Converting Numerical Data into Categories

Often, numerical data is converted into categories for easier interpretation. For example, instead of using raw Sepal.Length values from the iris dataset, we can group them into bins.

Using cut() and split()

Load iris dataset

x <- iris

Split Sepal.Length into 3 ranges

list1 <- split(x, cut(x$Sepal.Length, 3))

summary(list1)

Here, cut() divides the range of Sepal.Length into 3 equal-width intervals.

Using cut2() from Hmisc
library(Hmisc)

Split into 3 groups with roughly equal counts

list2 <- split(x, cut2(x$Sepal.Length, g = 3))

summary(list2)

Difference:

cut() → equal ranges

cut2() → equal number of values per group

Adding Categories as New Columns

Instead of creating lists, we can add categories directly to the dataset:

x$class <- cut(x$Sepal.Length, 3)
x$class2 <- cut2(x$Sepal.Length, g = 3)

If you prefer numeric labels:

x$class <- as.numeric(x$class)

Now class takes values 1, 2, or 3.

Counting Category Sizes
Using table()
class_length <- table(x$class)
class_length

Output:

1 2 3

59 71 20

To convert into a DataFrame:

class_length_df <- as.data.frame(class_length)
names(class_length_df)[1] <- "group"
class_length_df

Using count() from plyr (Cleaner)
library(plyr)

class_length2 <- count(x, "class")
class_length2

Output:

class freq
1 1 59
2 2 71
3 3 20

✅ Advantage: Directly returns a clean DataFrame, skipping the renaming hassle.

Comparing table() vs. count()

table() – quick summary, but includes all possible combinations (even with 0 counts).

count() – skips 0-count combinations, giving a cleaner output.

Example with two variables (class and class2):

table()

two_way <- as.data.frame(table(x$class, x$class2))

plyr::count()

two_way_count <- count(x, c("class", "class2"))
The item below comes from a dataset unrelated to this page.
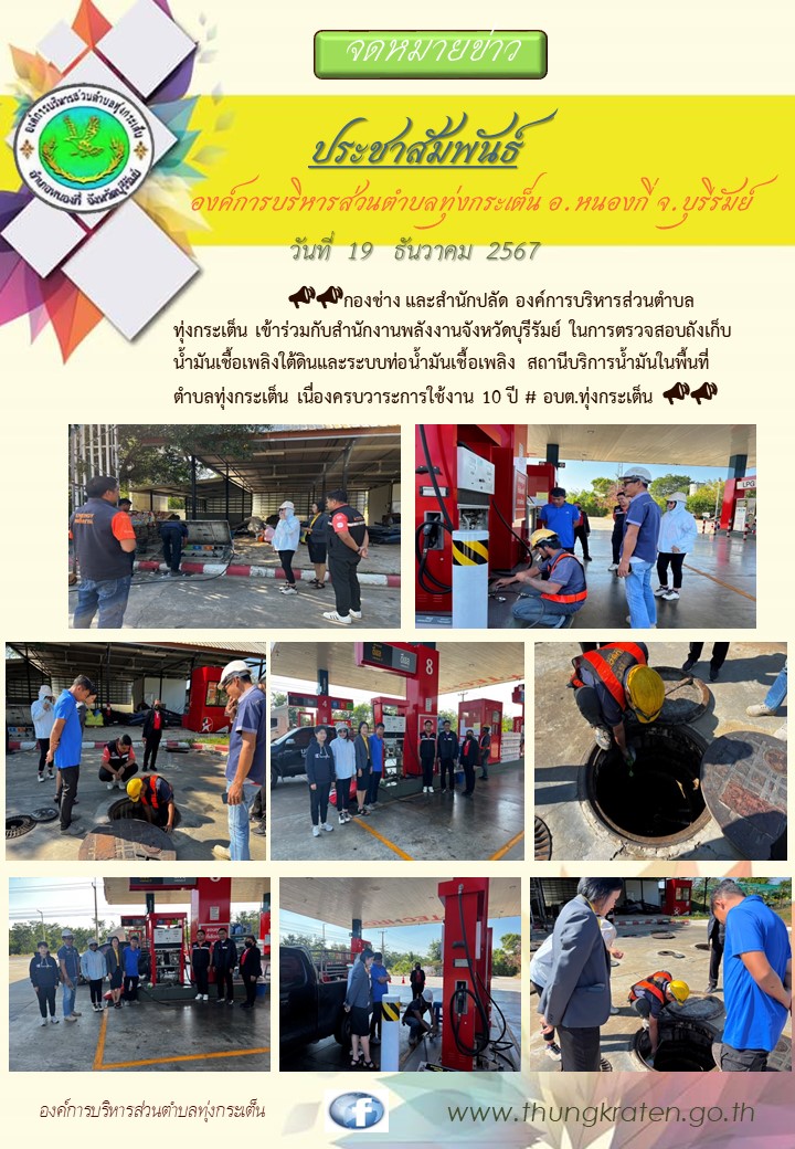 องค์การบริหารส่วนตำบลทุ่งกระเต็นร่วมกับสำนักงานพลังงานจังหวัดบุรีรัมย์ออกตรวจสอบถังเก็บนำ้มันเชื้อเพลิงใต้ดินและระบบท่อนำ้มันเชื้อเพลิงสถานีบริการนำ้มันเชื้อเพลิงในพื้นที่ตำบลทุ่งกระเต็น

👉 count() omits zero-frequency rows, making the output easier to interpret.

Cross-Tabulation

If you prefer cross-tabulated outputs:

cross_tab <- xtabs(~ class + class2, x)
cross_tab

Output is an xtabs object (table). For larger N-way tables:

threeway_cross_tab <- xtabs(~ class + class2 + Species, x)
threeway_cross_tab

Downside: readability decreases as dimensions grow.
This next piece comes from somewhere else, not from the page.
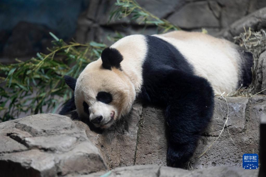 3月16日,大熊猫“美香”在美国华盛顿史密森学会国家动物园休息。位于美国首都华盛顿西北部的史密森学会国家动物园16日在大熊猫馆设立大熊猫家谱影廊,启动大熊猫项目50周年系列庆祝活动。新华社记者 刘杰 摄

Cleaner Alternative with count()
threeway_cross_tab_df <- count(x, c("class", "class2", "Species"))
threeway_cross_tab_df

This produces a neat DataFrame with non-zero counts only, making it much easier to work with.

Key Takeaways

Use cut() for equal-width bins, cut2() for equal-size groups.

Add categories as new columns instead of splitting into lists.

table() is good for quick summaries, but requires cleanup.

count() from plyr is more flexible, faster, and cleaner for categorical summaries.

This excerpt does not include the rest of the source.